According to a survey of 221 large business leaders in Singapore, 48% report employing a well-defined generative AI strategy in their businesses, while 47% have begun working on a generative AI strategy. The study suggests that companies that are not implementing AI may fall behind competitors.
Key motivations for using generative AI strategies in their team include the companies’ goals to be perceived as up-to-date in technology adoption (43%), remaining competitive (42%), and ensuring innovative customer and employee experiences (42%).
The research reveals that generative AI is expected to have the most significant impact on information technology (40%), operations (33%), finance (29%), and customer service (28%).
However, C-suite executives also identified hindrances to adopting generative AI, including lack of accessibility, lack of skill-building, incomplete customer or company data to train AI, lack of governance, and inaccurate outputs from generative AI.

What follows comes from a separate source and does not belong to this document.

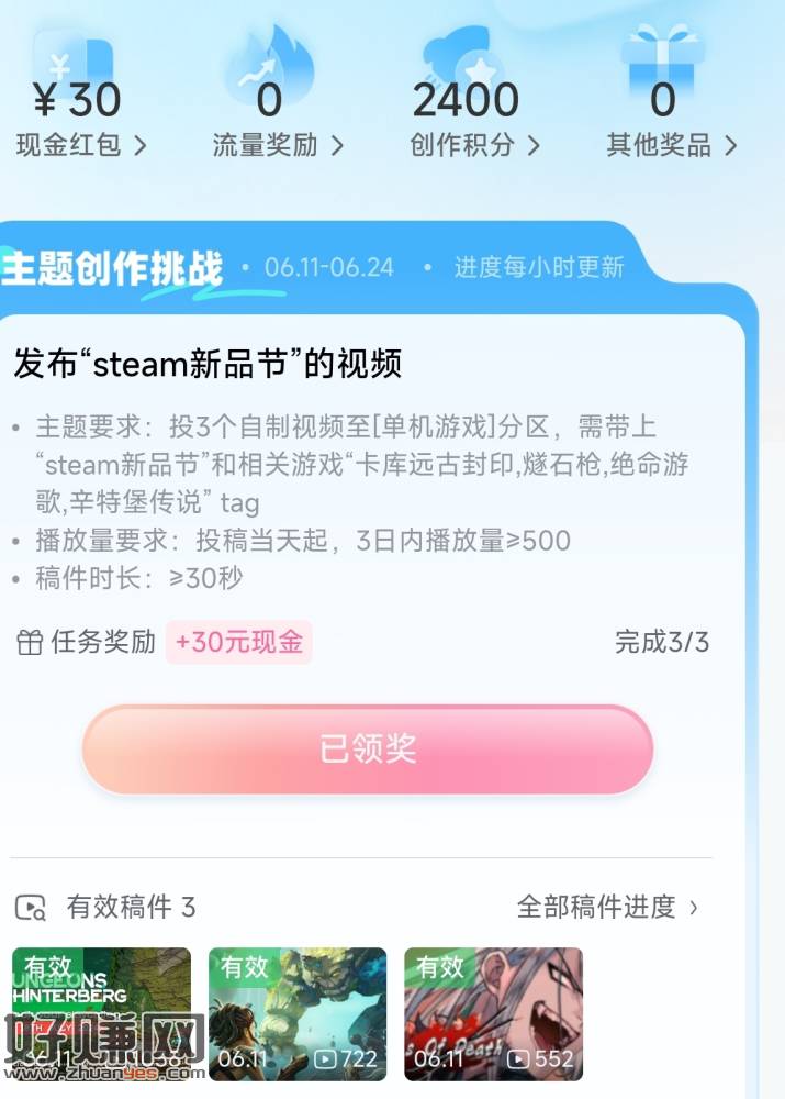 哔哩哔哩任务中心限时福利三十1h过审直接领
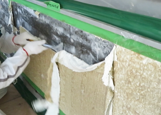 - 建物の外装に使用されているアスベスト含有仕上塗材(リシン・タイル・スタッコ)や外壁用接着剤、陶磁器タイル用アクリルシリコン樹脂などの剥離。

“As CEOs look at AI to deliver measurable value and remain competitive, their first step should be unifying their data. Every conversation I have with business leaders about AI inevitably comes back to data and overcoming silos to increase the impact and accuracy of AI. Without building a cohesive view of the customer, Generative AI initiatives will fall short,” Sujith Abraham, senior vice president and general manager of ASEAN at Salesforce, said.
“The good news is that it’s possible to bring your data together, efficiently, without actually moving it through innovations like zero-copy. Innovations like this will differentiate each organisation’s ecosystem of autonomous agents, humans and AI and how well they drive customer success at scale,” Abraham added.